Three ways people respond to a problem (other than solving it)
Points and comments are a snapshot, not live.
Problems often get pushed around, preserved, orget promoted instead of solved, says a consultant.
The article identifies four responses to problems: solving them, pushing them around (local optimization), preserving them (the Shirky Principle), and promoting new problems. It quotes Clay Shirky and Kevin Kelly on institutions perpetuating problems they are solutions to. Neil Postman's question "What problems do we create by solving this problem?" is cited. Jerry Weinberg notes that eliminating problem number one promotes problem number two, and that ignoring problems is a useful skill.
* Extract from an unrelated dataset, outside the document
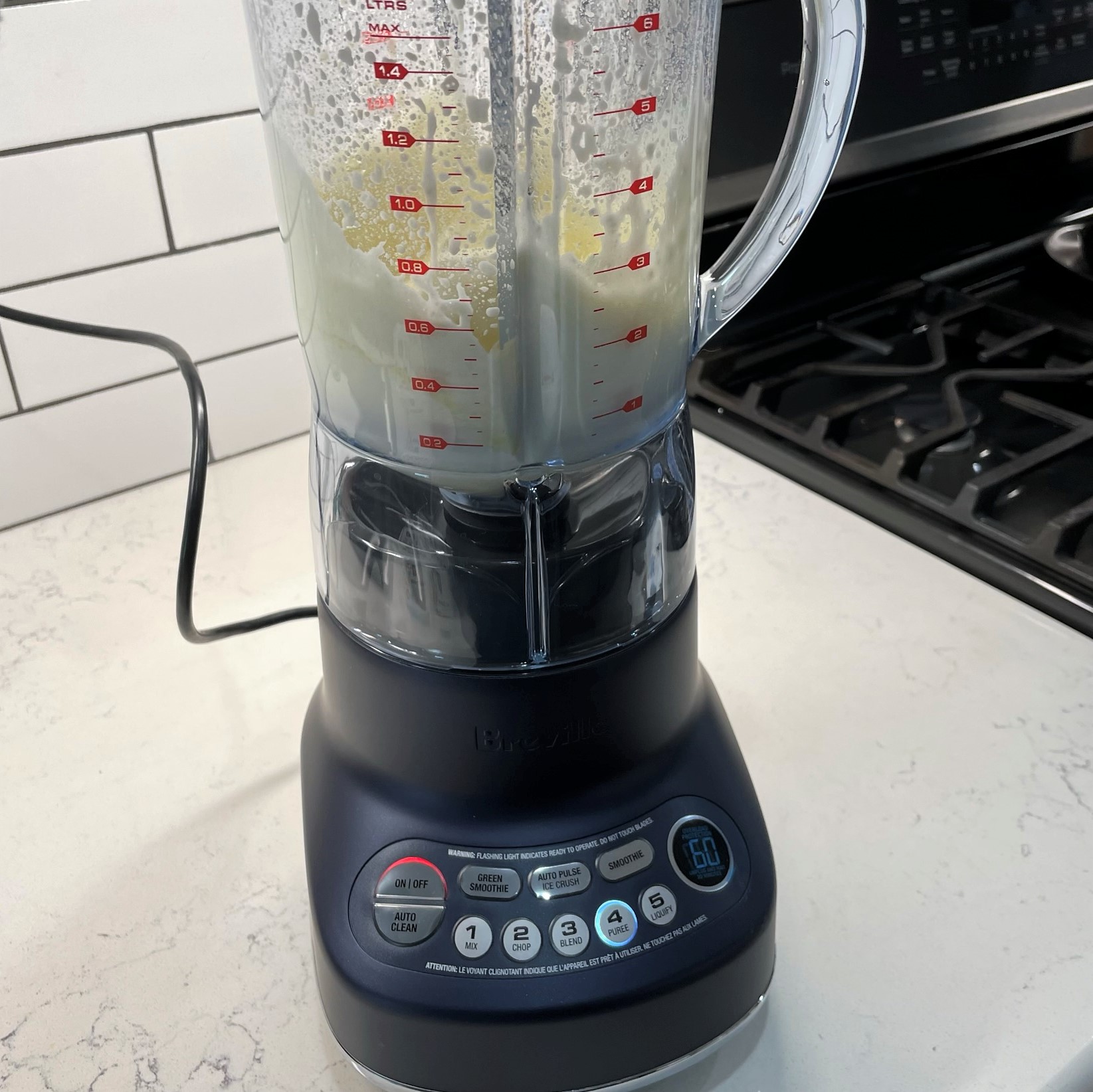 I’ve had a Nutri-Bullet personal blender for a few years, and it’s great for breakfast smoothies and small amounts of things that I want to puree into oblivion, but not so good for anything that requires finesse, because the Nutri-Bullet has only one setting. It is also inconvenient for making anything that requires adding or adjusting ingredients halfway through, because once you open the wide, jar-like lid, the blended mixture gets all over everything and makes a mess. I needed a blender that opened at the top and had multiple settings and functions to help me with more than just smoothies.

The author emphasizes that incentives and system views at higher organizational levels cause problem-pushing, and that identifying those who depend on a problem is crucial before solving it.
What commenters are saying
The thread adds 'denial' as a possible first response. Some commenters link the article to risk management strategies (avoidance, mitigation, transference, acceptance) and to the five stages of grief. A prominent subthread debates whether the Shirky Principle operates 'inadvertently' or deliberately, with rationalization and misaligned incentives as explanations.
Other common responses noted: weaponizing the problem, studying it, blogging about it, and 'not my problem'. Government problems like crime are cited as examples of preserved problems, though some commenters push back on whether systemic issues are truly preserved rather than merely complex.